Exercise:
Repeat only these lines, exactly: the first line of the data, the line containing "スモークサーモン 切り落とし 500g", and every line between them. Pictures stay out.

Available data:
Segment Open

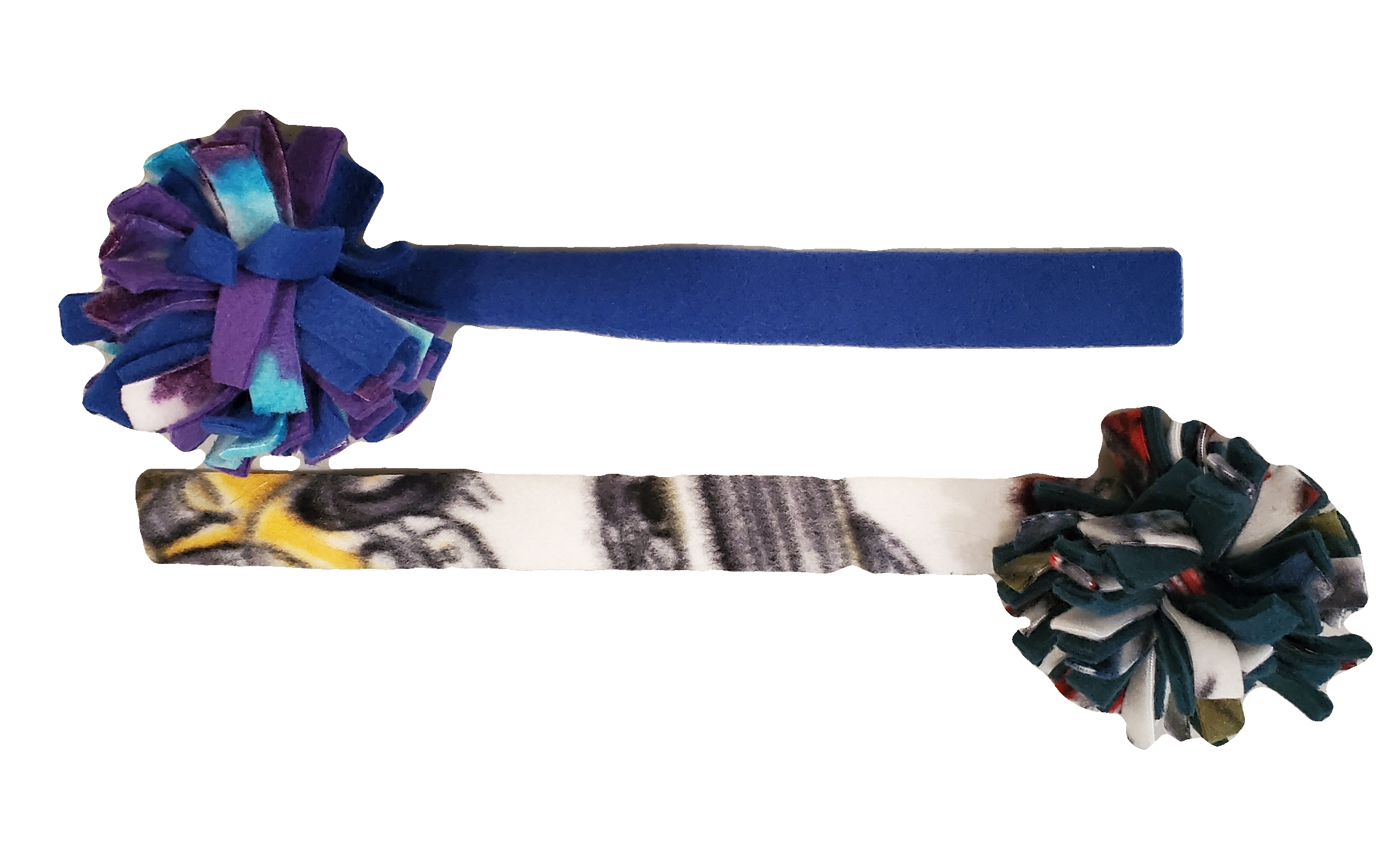 This is a soft fleece cat toy with a strap to play with your cat. The ball is about 4 inches in diameter and a 10 inch handle. It is available in a variety of designs.
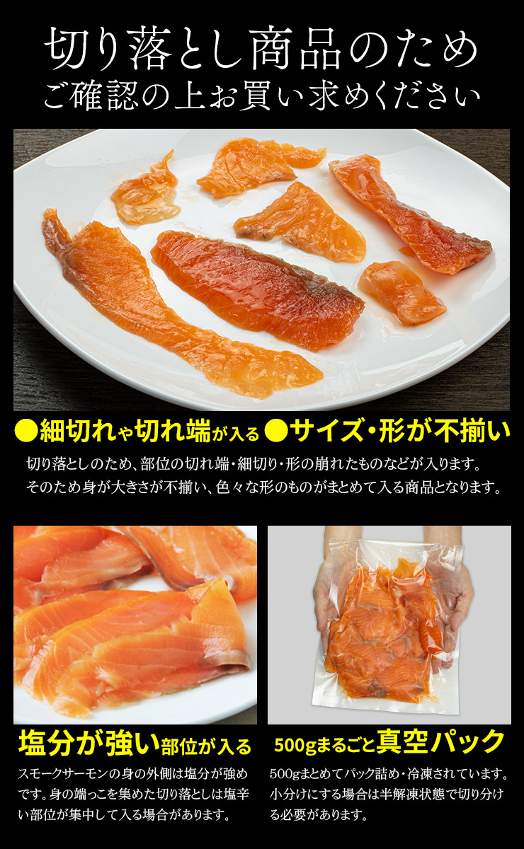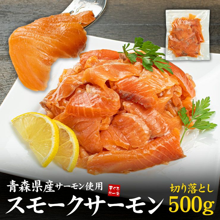 スモークサーモン 切り落とし 500g 青森県産 (切落し 端材 切れ端 細切れ 不揃い) 3個で送料無料 鮮度抜群の国産サーモンをじっくりスモークして旨みを引き出しました [[青森スモークサーモン切落し]
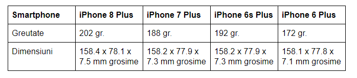Aș spune că avem o evoluție interesantă – nu-i așa? Apple variază greutate și grosimea, de la o generația la alta. Mă rog, modificările sunt relativ mici. Observați că iPhone 8 Plus este cel mai greu și cel mai gros, cu puțin de tot mai lung și mai lat. Cred că husele de iPhone 7 Plus nu se potrivesc la iPhone 8 Plus, dacă contează asta pentru cineva. Prevăd că trecerea la iPhone 8 Plus este realizată mai degrabă de cei ce l-au folosit pe iPhone 6 Plus.

Segment Closed

Exercise solution:
 This is a soft fleece cat toy with a strap to play with your cat. The ball is about 4 inches in diameter and a 10 inch handle. It is available in a variety of designs.
 スモークサーモン 切り落とし 500g 青森県産 (切落し 端材 切れ端 細切れ 不揃い) 3個で送料無料 鮮度抜群の国産サーモンをじっくりスモークして旨みを引き出しました [[青森スモークサーモン切落し]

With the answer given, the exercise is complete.